Note that VS 3, 4, and 5 are blue? Because they have subVS instances living under them. Here is the same stack, expanded.
Observe that while the far left column indicates the landing spot of the client on 443, the “Real Servers” column indicates the underlying server and the port changes, if any. I think the virtual services homed on the 22.214.171.124 net are self-explanatory – well, except for maybe #3. So let’s look at that one, and once you understand that, I think the 10.10.10.58:443 VS will make sense also. Remember that external URL requests landing on the external VS need to be translated from 443 to 4443 and from 80 to 8080.
The interesting part is the “Advanced Properties” section where doodly-squat is done until AFTER the subVS object are created. At which point you need to cycle back to this level and enable content switching. You did read that stack of documents, yes? Oddly, when creating the subVS objects, I had some inconsistent results when assigning the content rules which sometimes necessitated enabling the content rules at each level in reverse order, and sometimes as described in the documentation. Perhaps it was just me. But know that, in the end, the Kemp needs to look like this or traffic will go nowhere even if the VS does ping back at you.
Here is subVS “LSWebInt” in detail. And yes it looks very much like the top level. And is configured with the same items and settings. Except note that the certificate is now missing. Because the top layer is handling that slice of life.
Another important piece is for you to start comparing the “Selection Rules” as indicated in the pictures. Note that the numbers of rules match up. Now, I would have thought that assigning a rule at the bottom level would trickle up through the construction and be reflected at each layer above. But….NO! So, when putting all this together, make sure you know what goes where; the Kemp WUI is not going to keep track of it for you. If you add a rule at the subVS level on ONE of the real servers, do not expect the other server to know about it, don’t expect the Advanced Properties to magically catch on to things, and the high level VS won’t get it either. Conversely, if you assign rules at the top, do not expect those rules to flow down logically just because there is an underlying service.

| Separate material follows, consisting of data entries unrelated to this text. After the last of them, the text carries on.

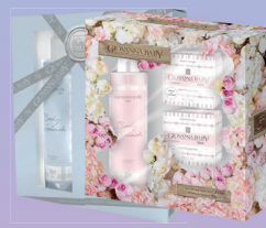
Kit Giovanna Baby Body Splash + 2 Sabonetes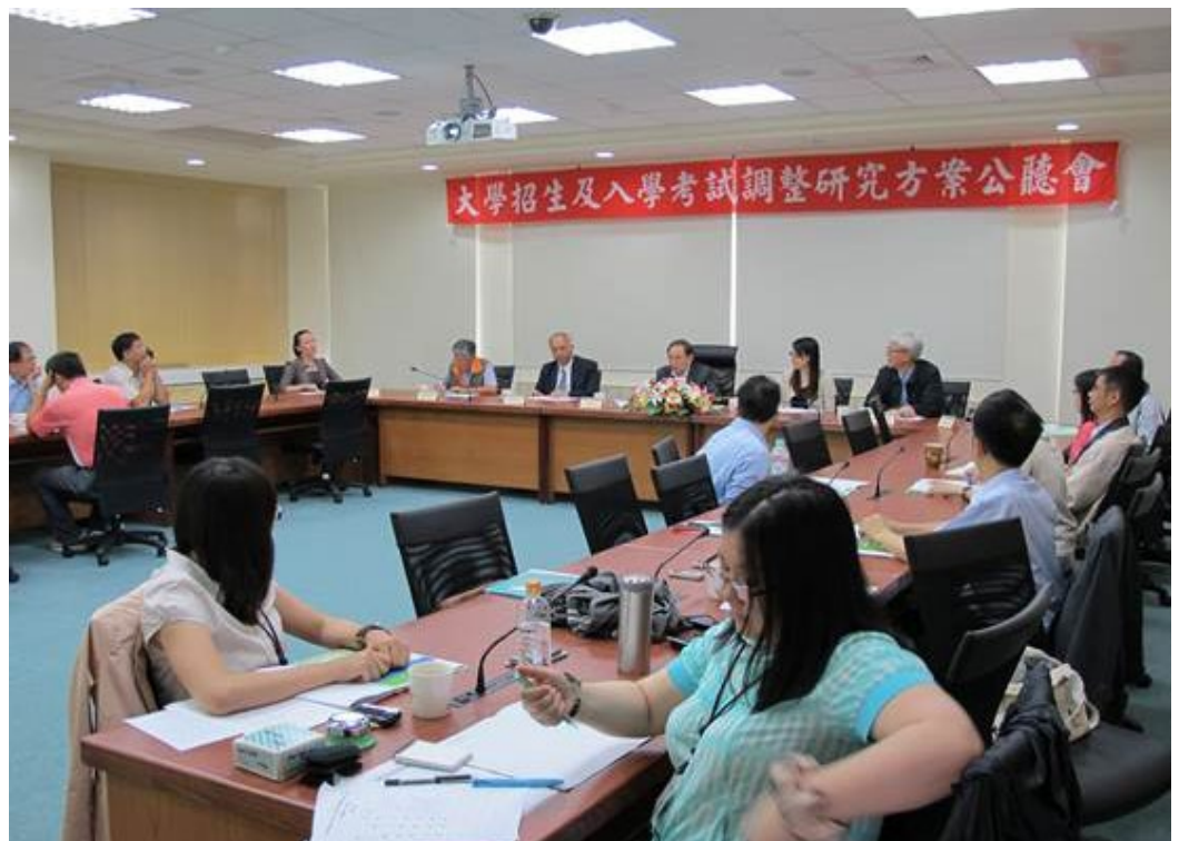
民國102年5月19日(下午)「大學招生及入學考試調整研究方案」東區公聽會，假國立花蓮女子高級中學舉行。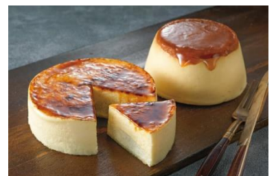
神戸チーズケーキ食べ比べセット (バニラフロマージュ+ドンプリンフォルマッジ)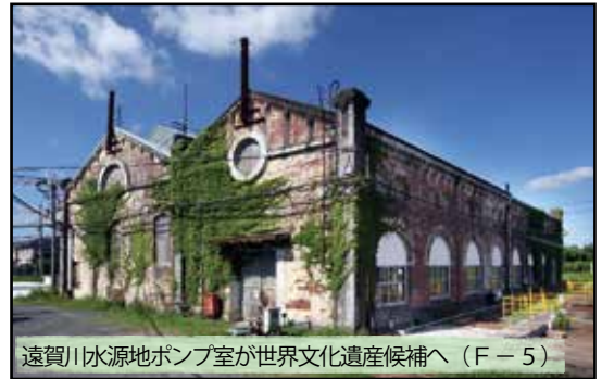
遠賀川水源ポンプ室が世界文化遺産候補へ (F-5)

平成25年9月17日、政府は「明治日本の産業革命遺産 九州・山口と関連地域」を平成25年度のユネスコ世界文化遺産推薦候補と決定しました。八幡製鐵所の鉄鋼生産を支えるため、現役で稼働している新しい価値を持つ産業遺産として国内外の研究者から注目を受けています。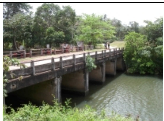
橋梁添加 (4)排水ゲート橋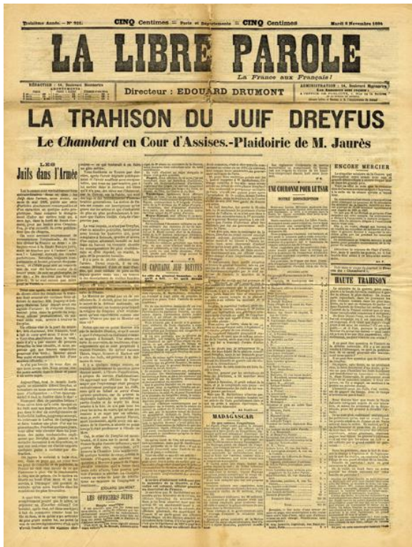
« La trahison du juif Dreyfus », La Libre parole, 06/11/1894

Principal propagateur de l'antisémitisme dans la France de la IIIe République et ardent antidreyfusard, Édouard Drumont fonde le quotidien antisémite La Libre Parole en 1892. Le 1er novembre 1894, son quotidien titre en première page sur l'arrestation d'un traître juif à l'état-major. Au lendemain de la première condamnation, La Libre Parole titre « Hors de France, les Juifs ! La France aux Français ! ».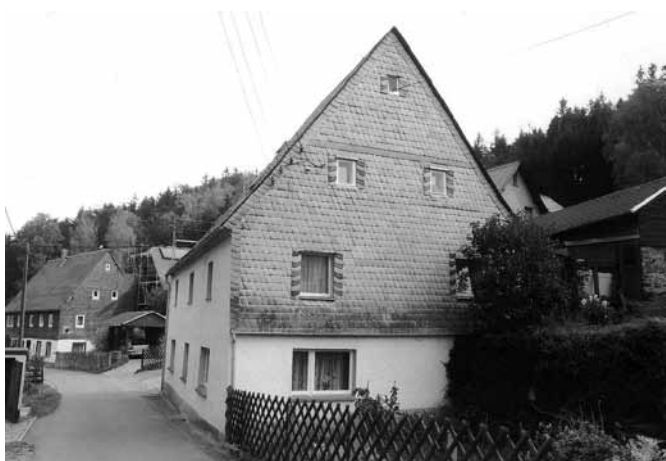
Haus Nr. 19, Am Hang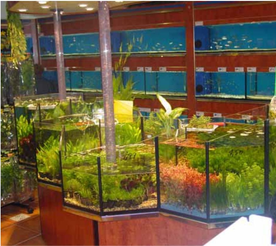
Abb. Dekor Wurzelholz dunkel mit Luftsprudelsäulen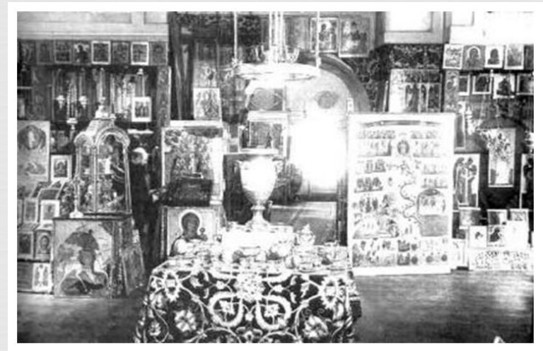
Культурные ценности предназначенные для продажи за границу.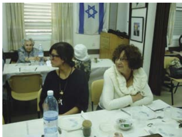
В зале "Бейт-Понве"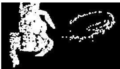
Fig. 8 Una dilatación inicial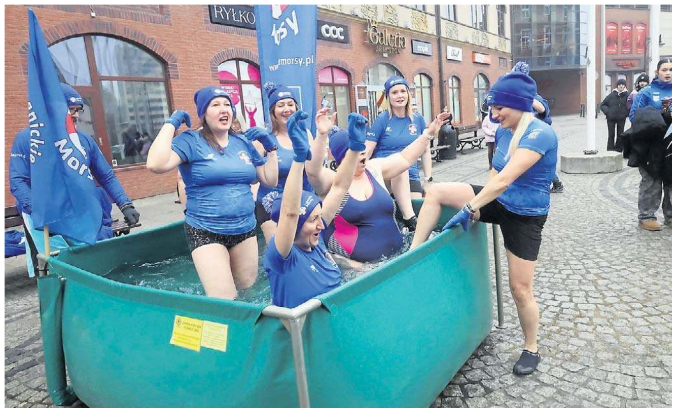
Przed Galerią Piastów morsowanie. A na scenie w Galerii popisy zespołów tanecznych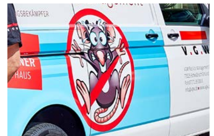
SCHÄDLINGSBEKÄMPFUNG Das neue Team bei der VGW Seite 7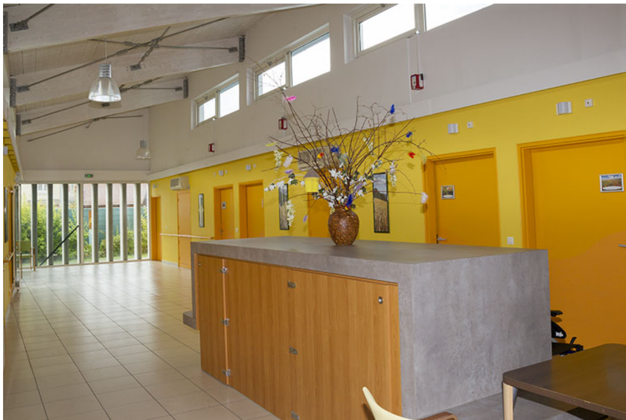
Bâtiments récents, intérieur : hall avec charpente en lamellé-collé apparente. 25, Maîche, 1 rue Guynemer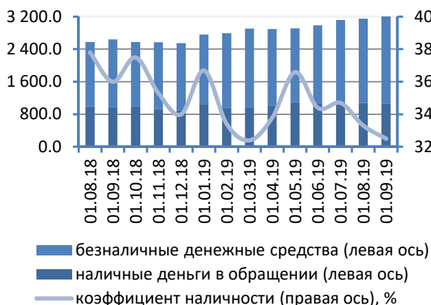
Рис. 1. Динамика национальной денежной массы, млн руб.

Денежная масса, номинированная в иностранной валюте, увеличилась на 77,4 млн руб. (+1,3%), до 5 987,2 млн руб. Степень валютизации совокупного денежного предложения составила 65,2%.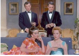
Ailleurs, l'herbe est plus verte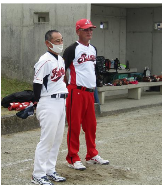
準優勝・大隅レッドエンゼルス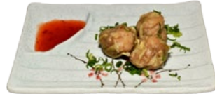
134. SIEUWMEI VLEESPASTEI (KIP)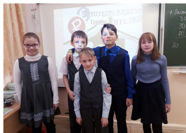
Команда 4 «б» класса «Биткоин» набрали 270 «монеточек». 2 место

Grrrr. Make yourself a table that lays out what you need, where it comes from and needs to go, and what content rule controls that. You do document things, right? If not, don’t come crying to me later not knowing what you did several months back and now don’t understand. Adelante.
The Big Picture
You might be interested to know how I am running both sets of SMTP traffic through only one port 25 connection? External Relay domain from domain1 to domain2. A tad clunky, but hey, I only have one IP to work with (I’m cheap but not easy). And I want to reinforce the Lync Edge in all this. I am using single IP Edge, with ports 444, 446, and 447 for SIP, WC, and AV services. And again, this is NOT recommended if you are expecting ubiquitous federation to work. Most of the world will expect to be able to talk on 443 to your domain, and this construction is snaking all 443 to the load balancer for Exchange and Lync web services.
With all 443 traffic landing in one spot, we can use Kemp (or any other load balancer or device/appliance that supports this concept) Content Rules to send the URL to where we need it to go. Routing and network relationships need to be figured out in advance, as do the Content Rules and the subVS’s that are actually handling the traffic.
While this exercise did a bit more than is normal for an organization, what with two Exchange organizations and only one Lync environment and using only one public IP, I think the point is made about bringing all 443 traffic to one spot and having (Kemp in this case) something decide where to send the traffic based on requested URL. If I had more resources, and wanted to do this for a real organization, I would use one IP for Lync SIP, WC, and AV, and use another public IP for all 443 traffic. Thereby saving precious IP resources which was the original goal.